Alec Murphy
Sovereignty Challenges at Interstate Borders
Where and How History Matters
Lurking behind the typical world political map supposedly depicting the division of Earth’s land surface into legally sovereign political units are many controversies over interstate boundaries. The norms that developed along with the modern state system make it difficult to advance extra-state territorial claims based simply on the presence of natural resources or peoples with similar cultural characteristics in those territories. Instead, most interstate territorial conflicts are based on the claim that the territory in question once belonged to the claimant state, it was improperly taken away, and the claimant state has the right to get it back.
That was the case with the longstanding Ecuador-Peru border conflict. The political partitioning of South America under Spanish rule gave Ecuador a basis for considering the territory in dispute to be part of its domain. During the nineteenth and early twentieth centuries, however, Peru promoted settlement and military control over the remote Amazonian region based on a different interpretation of past administrative arrangements. Powerless to respond to Peru’s annexation of the region in the early 1940s, Ecuador agreed to a military pullback in 1942 (the Rio Protocol). Ecuador continued to press its territorial claim for many decades thereafter, however, only abandoning it formally in 1998. The 1998 agreement suggests that even longstanding interstate territorial disputes can be resolved, but resolution is easier when dominant views of at least one of the disputant state’s raison d'être is not grounded in an ethno-nationalist story in which the territory in question played a significant role.
Columbian States in 1824
Division politica de Colombia en 1824
A. Lahure
1889
David Rumsey Historical Map Collection

Our earliest map depicts early patterns of spatial sovereignty. This Colombian-commissioned map superimposes the republics’ 1889 boundaries atop the filled-in outlines of the former Viceroyalty of New Grenada’s Departments (Departmentos) that were included in Gran Colombia in 1824. Of interest here are the peripheral southwestern Departmentos that would become Ecuador, which illustrate the roots of the Peru-Ecuador boundary dispute. As this map shows, the former Departmento del Azuay in the remote Amazonian interior was split between Colombia and Ecuador in the dissolution of Gran Colombia. Although these two countries would continue to exchange territory in the region for some time, no inter-state conflict would erupt between them.

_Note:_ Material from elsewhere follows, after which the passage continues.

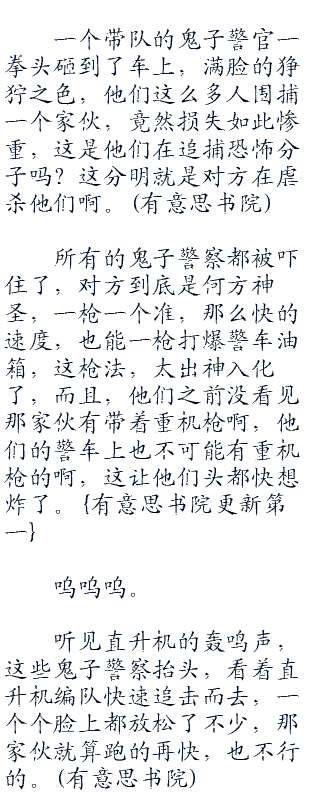追击而来的鬼子警察一个个脸色苍白,牙齿都快咬碎了,又有几个同事牺牲了,这已经不是在打他们的脸,这是赤luoluo地骑在他们的头顶上拉屎拉尿了,这么多警察抓不到一个恐怖分子,那他们只有去跳海了。

Map of Ecuador for Dr. Teodoro Wolf
Carta Geografica Del Ecuador Por Dr. Teodoro Wolf

H. Wagner & E. Debes
1892
David Rumsey Historical Map Collection
Officially sanctioned maps are typically quite useful in exploring a state’s conception of its own spatial sovereignty, and this turn-of-the-century map of Ecuador is a prime example. While political boundaries are not foregrounded in this map, the names of Ecuador’s provinces, cantons, and parishes (Provincias, Cantones, and Parróquias respectively) constitutes a significant portion of the right-hand side of the map in a map key. Even more critically, this map conspicuously contains two insets of sovereign territory that are included in the map in defiance of the spatial limitations of the projected scale: the distal Galápagos Archipelago, and “La Region Oriental del Ecuador.” The latter of course constitutes the territories disputed with Peru.
South America Map Puzzle
E.E. Fairchild Corporation
1941
David Rumsey Historical Map Collection
Departing entirely from the realm of state-sponsored cartography, we find here a rather unorthodox example of how border depictions from afar can shape thinking about border. This depiction comes in the form of a children’s puzzle. Apart from the eye-catching presence of clever illustrations conveying the cultural character of the continent, this map also notably shows Ecuador’s claim to the disputed region, not Peru’s. While the New York-based E. E. Fairchild Corp. was exceedingly unlikely to have been advancing an explicit geopolitical position on the disputed territory, its depiction of the area as Ecuadorian was common in American cartography at the time. Curiously, it would only be one year after this that the 1942 Rio Protocol would shift the United States’ recognition of the disputed area to being Peruvian, likely to the chagrin of anyone seeking up-to-date geographical learning from their newly purchased puzzle.
Alec Murphy (University of Oregon) is a political-cultural geographer with regional specialties in Europe and the Middle East. His work focuses on the ways in which the changing political organization of space reflects and shapes ethnic, socio-economic, and environmental processes; the foundations and consequences of influential geopolitical ideas and assumptions; the role of legal and political arrangements in mediating human-environment relations; and the importance of geographical education for efforts to address critical challenges facing the contemporary world. He is the author of The Regional Dynamics of Language Differentiation in Belgium (1988), Cultural Encounters with the Environment (edited with Douglas Johnson; 2000), Geography: Why It Matters (2018), Human Geography: People, Place, and Culture 12th ed. (with Erin Fouberg; 2020), and The European Culture Area, 7th ed. (with Terry Jordan-Bychkov and Bella Bychkova Jordan; 2020). He completed his PhD in Geography at the University of Chicago.